2. Prepare ahead of time. Because you are more easily swayed by the opinions of others, spend time in advance of critical meetings to decide what you think. Ask yourself: What are the top three ideas about the topic to be discussed? Write down your beliefs and convictions so that you are clear in your thinking and you can access your ideas more quickly. Think of this like a mental filing cabinet — you are taking an extra step ahead of time to pull out the file you need rather than scrambling around in your mind during the discussion. Of course, when you’re in the meeting, don’t be so wedded to your ideas that you are inflexible. Listen to others’ ideas and use your beliefs to build off of theirs.

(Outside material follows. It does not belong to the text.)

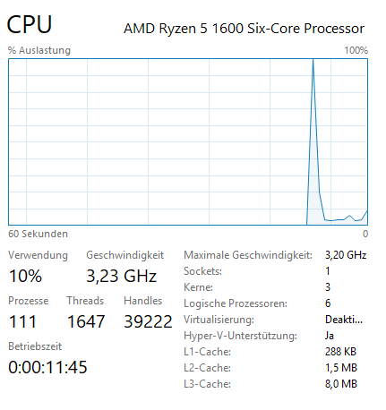 Nach einem geforderten Neustart hatte ich direkt nur noch 3 Kerne aktiv + 3x SMT.

3. Increase your ability to advocate. You may be a natural in building rapport and connecting with others, but standing your ground requires flexing a whole different set of muscles. Learn how to advocate for your perspective more effectively. Frame your messages so that people immediately understand why they should care and how your idea ties to the bigger picture. Speak in tight bullet points (rather than circling around your viewpoint) so that you are crisp, articulate, and clear. Once you’ve made your point, invite others to weigh in to further refine your idea. You don’t have to be a pit-bull to be an effective advocate. In fact, coupling your good guy or gal demeanor with a sharp approach to communications will make you even more effective at persuasion.
4. Hold your ground. Part of making and advocating for your point is holding your ground. When others are challenging you, you might start to feel knocked off center or backed up on your heels. You may be tempted to give into their perspective but that will only relieve that anxious feeling temporarily. Ask yourself: Is guilt, a desire for being liked, or fear of rocking the boat tugging you away from your own convictions?
If a colleague starts to push, dominate, or interrupt, let them finish but then don’t drop your idea. Loop back to your point. Or, if you need to, use a non-verbal cue, such as putting up your hand up to signal you are not done speaking. You could also say, “Hang on a minute, I’d like to finish this thought.” Stack the odds in your favor. Go to the room in advance and take a seat that is more in the flow of the conversation versus one on the sidelines.
5. Learn to say no graciously. If you are easily persuaded by others, chances are that it shows up on your calendar. How often are you being persuaded to attend a meeting or change your schedule to accommodate the needs of others? Never say yes or no in the moment. Buy yourself time to make a thoughtful decision rather than saying yes out of habit. Acknowledge the request, and if you need to say no, offer other alternatives. Watch out for phrases that your colleagues have come to know can easily persuade you, such as “I’m really stressing right now” or “This is urgent for me.” Your job is not to rescue or take on others’ problems. Offer your counsel, but be careful of always being the one who gives in.
“Being less easily persuaded won’t make you appear bullheaded or unpleasant to work with – quite the opposite.” Su advised. “By standing your ground and becoming more influential yourself, you do better by your team and the business and increase the overall respect and confidence others have in you.”
- You kick yourself after the fact for not speaking up in a meeting. You only come to realize your point of view on something after the discussion is over.
- You blame your colleagues for not giving anyone the chance to get in a word edgewise.
- You feel overwhelmed and pulled in multiple directions especially as emails and requests for work or input come in.
- Your calendar is full with back-to-back meetings and no time to focus on yourself or critical priorities.
- Your peers get promoted before you.